----- INPUT DATA -----

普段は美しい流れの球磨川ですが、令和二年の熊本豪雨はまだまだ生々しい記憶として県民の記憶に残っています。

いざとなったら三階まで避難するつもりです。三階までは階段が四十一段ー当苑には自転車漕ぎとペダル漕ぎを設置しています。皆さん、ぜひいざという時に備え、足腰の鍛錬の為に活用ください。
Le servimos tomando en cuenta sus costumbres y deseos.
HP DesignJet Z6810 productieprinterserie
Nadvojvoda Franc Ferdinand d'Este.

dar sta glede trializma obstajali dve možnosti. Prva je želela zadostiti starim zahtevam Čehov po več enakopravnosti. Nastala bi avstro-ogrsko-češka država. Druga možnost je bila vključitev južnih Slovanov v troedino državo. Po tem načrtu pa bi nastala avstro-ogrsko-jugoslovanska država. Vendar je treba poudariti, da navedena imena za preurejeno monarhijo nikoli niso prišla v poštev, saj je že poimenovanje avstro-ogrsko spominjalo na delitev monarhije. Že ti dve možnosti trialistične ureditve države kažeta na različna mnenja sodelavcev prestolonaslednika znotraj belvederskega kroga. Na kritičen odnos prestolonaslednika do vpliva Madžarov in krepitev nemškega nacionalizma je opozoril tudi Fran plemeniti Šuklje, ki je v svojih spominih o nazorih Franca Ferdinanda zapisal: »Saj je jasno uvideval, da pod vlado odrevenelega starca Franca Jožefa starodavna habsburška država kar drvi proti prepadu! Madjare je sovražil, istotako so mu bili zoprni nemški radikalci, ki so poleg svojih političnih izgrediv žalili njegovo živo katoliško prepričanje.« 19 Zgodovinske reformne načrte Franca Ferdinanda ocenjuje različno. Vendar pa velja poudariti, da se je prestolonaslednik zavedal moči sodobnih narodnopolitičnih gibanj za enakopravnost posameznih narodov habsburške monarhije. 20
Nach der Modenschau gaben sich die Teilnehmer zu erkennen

-----
----- INPUT DATA -----

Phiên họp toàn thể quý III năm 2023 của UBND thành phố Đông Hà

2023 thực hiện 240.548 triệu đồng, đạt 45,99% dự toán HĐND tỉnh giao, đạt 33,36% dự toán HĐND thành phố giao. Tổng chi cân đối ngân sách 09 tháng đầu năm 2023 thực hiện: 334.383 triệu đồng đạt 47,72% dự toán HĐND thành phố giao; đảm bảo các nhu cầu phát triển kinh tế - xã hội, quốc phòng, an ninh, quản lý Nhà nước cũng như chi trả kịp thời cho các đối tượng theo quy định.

-----

#### WORK INSTRUCTION
From the records above, repeat exactly the lines from the one with "普段は美しい流れの球磨川です" through the one with "Nadvojvoda Franc Ferdinand d'Este.", both included.

#### FINAL ANSWER
普段は美しい流れの球磨川ですが、令和二年の熊本豪雨はまだまだ生々しい記憶として県民の記憶に残っています。

いざとなったら三階まで避難するつもりです。三階までは階段が四十一段ー当苑には自転車漕ぎとペダル漕ぎを設置しています。皆さん、ぜひいざという時に備え、足腰の鍛錬の為に活用ください。
Le servimos tomando en cuenta sus costumbres y deseos.
HP DesignJet Z6810 productieprinterserie
Nadvojvoda Franc Ferdinand d'Este.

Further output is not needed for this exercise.